With the coming of darkness, the winds had returned to Balmacara: the rowans shook continuously, hissing and rustling; Cromis’s shoulder-length black hair was blown about his face. He looked back at the tower, bulking dark against the cobalt sky. The surf growled behind it. Out of some strange sentiment, he had left the light burning in the upper room.
But the baan that had killed his sister he had in an insulated sheath next to his skin, because he knew he would not come again, riding to
the light out of battle, to Balmacara in the morning.
Refugees packed the Viriconium road like a torchlit procession in some lower gallery of Hell. Cromis steered his nervous beast at speed past caravans of old men pushing carts laden with clanking domestic implements and files of women carrying or leading young children. House animals scuttled between the wheels of the carts.
The faces he passed were blank and frightened, overlit and gleaming in the flaring unsteady light of the torches. Some of them turned from him, surreptitiously making religious signs (a brief writhe of the fingers for Borring, whom some regarded as a god, a complicated motion of the head for the Colpy).

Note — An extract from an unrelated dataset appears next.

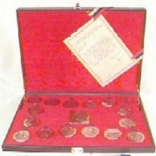 CAIXA (41,5 X 57 X 7 CM) CONTENDO DEZESSEIS MEDALHAS (7 X 0,5 CM) E UMA PLAQUETA (8,5 X10,5 0,5 CM) EM 'BRONZE PATINÉ'. RETRATAM 'MOMENTOS ESTELARES DE LA VIDA DE BOLIVAR / MEDALLAS CONMEMORATIVAS DEL BICENTENARIO DE SU NACIMIENTO / 1783 - 1983 / MONNAIE DE PARIS'. A PLAQUETA TRAZ AO FUNDO UM 'B' COLORIDO, BANDEIRAS E BRASÕES, DESENHO DE UM HOMEM MONTADO A CAVALO COM OUTROS AO SEU REDOR, E A INSCRIÇÃO 'LA EPOPEA DE SIMON BOLIVAR EL LIBERTADOR'. CADA MEDALHA TRAZ UM DESENHO E INSCRIÇÃO REFERENTE AO MESMO, SOBRE A VIDA DE BOLIVAR. ACOMPANHA CERTIFICADO DE AUTENTICIDADE ASSINADO POR 'L'ADMINISTRATEUR CIVIL, CHEF DU SERVICE DES MÉDAILLES, F. BUTERI', EM PAPEL TIPO PERGAMINHO, COM LETRAS EM VERMELHO. A CAIXA É EM MADEIRA,COM REVESTIMENTO EXTERNO EM COURO MARROM E, INTERNO EM VELUDO VERMELHO. POSSUI NA TAMPA A INSCRIÇÃO 'BOLIVAR' EM DOURADO, UMA FITA COM AS CORES AMARELO, AZUL E VERMELHO, FAZENDO TRÊS FAIXAS E UM CARTÃO DO REMETENTE 'HUGO CHÁVES FRÍAS / PRESIDENTE DE LA REPÚBLICA BOLIVARIANA DE VENEZUELA'. EM UMA DAS LATERAIS 'COLECCIONES NUMERADAS, EN BRONCE DEL Nº 1 AL Nº 250, ESTA COLECCIÓN ES LA Nº 193'.

He was at a loss to account for this. He thought that they were the timid and uncommitted of the city, driven away by fear of the clashing factions, holding no brief for either side.
He entered the city by its twelfth gate, the Gate of Nigg, and there was no gatekeeper to issue even the customary token challenge.
His habitually morose mood shifted to the sombre as he took the great radial road Proton Circuit, paved with an ancient resilient material that absorbed the sound of his horse’s hooves.
About him rose the Pastel Towers, tall and gracefully shaped to mathematical curves, tinted pale blue or fuchsia or dove-grey. They reached up for hundreds of feet, cut with quaint and complex designs that some said were the high point of an inimitable art, thought by others to be representations of the actual geometrics of Time.
Several of them were scarred and blackened by fire. Some were gutted and broken.
Seeing so much beauty brought down in this way, he was convinced that a change had come about in the essential nature of things, and that they could never be the same again.
Proton Circuit became a spiral that wound a hundred yards into the air, supported by slim and delicate pillars of black stone. At the summit of the spiral lay the palace of the Young Queen, which had been Methven’s hall. A smaller building than most in that city, it was shaped like a filigree shell, built entirely of a pure white metal that vibrated and sang. Before its high bright arch stood guards in charcoal livery, who made stringent demands on him to reveal his identity and business.